RFR: Parallelize safepoint cleanup

Mon May 29 13:39:14 UTC 2017

Hi,

How do we feel about reusing the Parallel GC Threads work gang during 
safepoint cleanup?
We know that the Parallel GC Threads worker gang is idle then. This 
saves creating another gazillion threads and another JVM flag to keep 
track of.

Thanks,
/Erik

On 2017-05-29 14:53, Robbin Ehn wrote:
> Hi Roman,
>
> On 05/29/2017 10:23 AM, Roman Kennke wrote:
>> Hi David,
>>
>> the patch applied cleanly, i.e. was not affected by any hotspot changes.
>> Most of your suggestions applied to the GC part that I excluded from the
>> scope of this change, except for the following:
>>
>>>> I introduced a dedicated worker thread pool in SafepointSynchronize.
>>>> This is only initialized when -XX:+ParallelSafepointCleanup is 
>>>> enabled,
>>>> and uses -XX:ParallelSafepointCleanupThreads=X threads, defaulting 
>>>> to 8
>>>> threads (just a wild guess, open for discussion.

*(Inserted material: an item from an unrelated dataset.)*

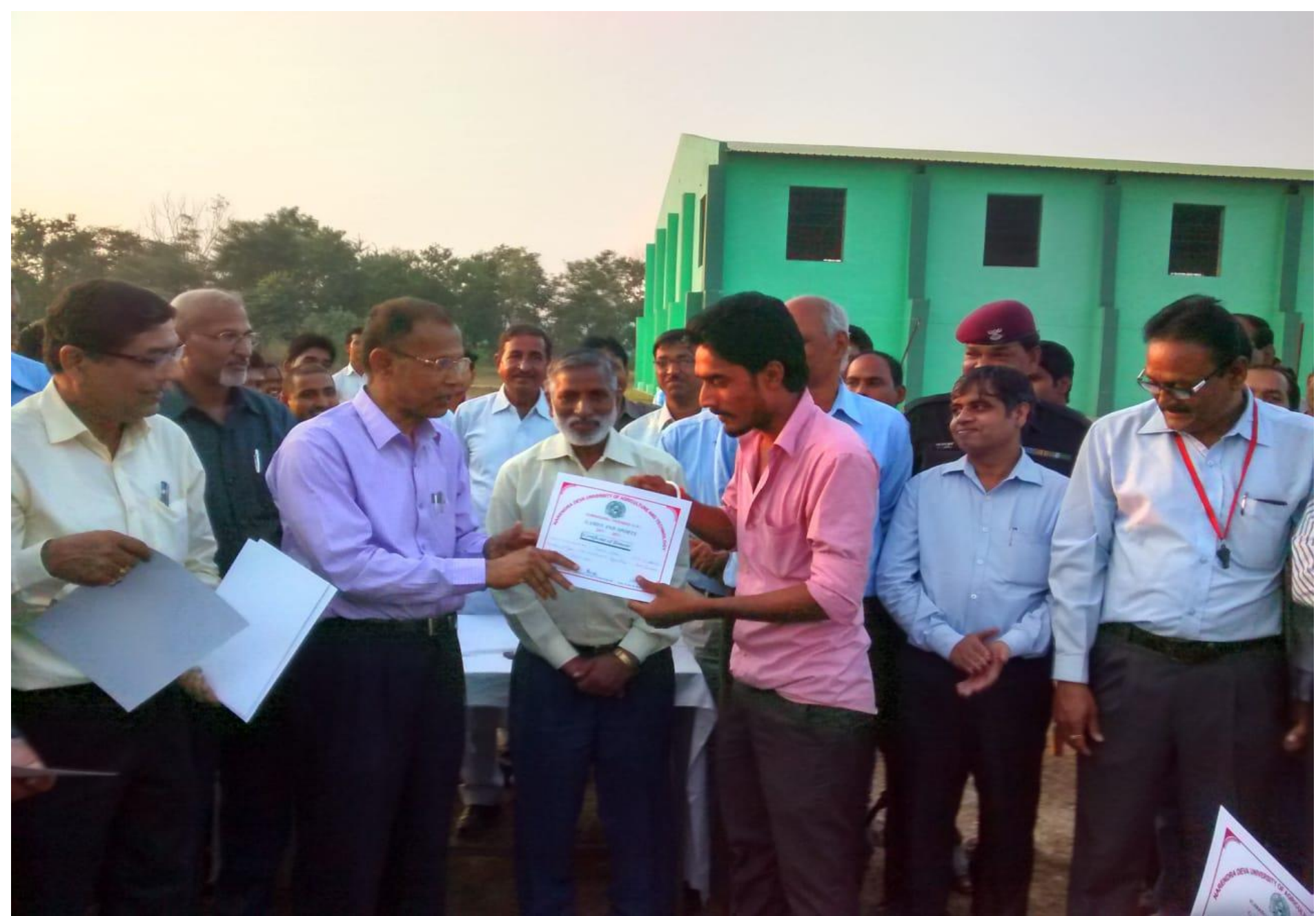
Certificate Distributions by Hon'ble Vice- Chancellor on 08 March, 2018

With
>>>> -XX:-ParallelSafepointCleanup turned off (the default) it will use the
>>>> old serial safepoint cleanup processing (with optional GC hooks, see
>>>> below).
>>>
>>> I think the default needs to be ergonomically set, as for other
>>> "thread pools". Both flags should be experimental at this stage.
>>
>> I implemented this using the following:
>>
>>    if (ParallelSafepointCleanup &&
>> FLAG_IS_DEFAULT(ParallelSafepointCleanupThreads)) {
>>      // This will pick up ParallelGCThreads if set...
>>      FLAG_SET_DEFAULT(ParallelSafepointCleanupThreads,
>> Abstract_VM_Version::parallel_worker_threads());
>>    }
>>
>> As noted, it will pick up ParallelGCThreads, which might be a reasonable
>> number. Otherwise we'd need to re-work the logic in vm_version.cpp to
>> calculate the number of worker threads without considering
>> ParallelGCThreads.
>>
>> http://cr.openjdk.java.net/~rkennke/8180932/webrev.02/
>> <http://cr.openjdk.java.net/%7Erkennke/8180932/webrev.02/>
>>
>
> This worries me because heuristics will be very hard to the average user.
>
> 1885   if (ParallelSafepointCleanup && 
> FLAG_IS_DEFAULT(ParallelSafepointCleanupThreads)) {
> 1886     // This will pick up ParallelGCThreads if set...
> 1887     FLAG_SET_DEFAULT(ParallelSafepointCleanupThreads, 
> Abstract_VM_Version::parallel_worker_threads());
> 1888   }
>
> So on a 8 vcpu machine we could be running 8 threads cleanup and 8 
> workers threads might be marking?
>
> "and I now think this is the best solution"
>
> I don't agree that is the the best solution and I'm not in favor of a 
> second thread pool.
> If you want short safepoints it seem much better to use available cpu 
> time finishing the cleanup.
> Maybe steal or reserve worker threads... just keep 1 pool of thread 
> which we can do decent sizing for.
>
> "For example, in one popular benchmark on a server-class machine, I got
> total average pause time down from ~80ms to ~30ms."
>
> What's the numbers for a 4 core/8 threads machine? And other GCs?
>
> Looked through the patch quick, I think you should do some abstraction.
> Now this code is already lacking abstraction so I understand why you 
> did it this way.
>
> For example:
> void ObjectSynchronizer::deflate_idle_monitors(bool 
> deflate_thread_local_monitors)
> ...
>   if (MonitorInUseLists) {
>     if (deflate_thread_local_monitors) {
>
> You have mandatory parameter which is ignore by a global flag.
> Right now there are 4 different cases in the same code path.
> Does ParallelSafepointCleanup work with -MonitorInUseLists ?
> Please create some kind of abstraction for this and set it a startup.
>
> I do not see any reason for duplicating the 
> SafepointSynchronize::serial_cleanup(), just create proper abstraction 
> so it can be used in both cases?
>
> Thanks!
>
> /Robbin
>
>> What do you think?
>>
>> Roman
>>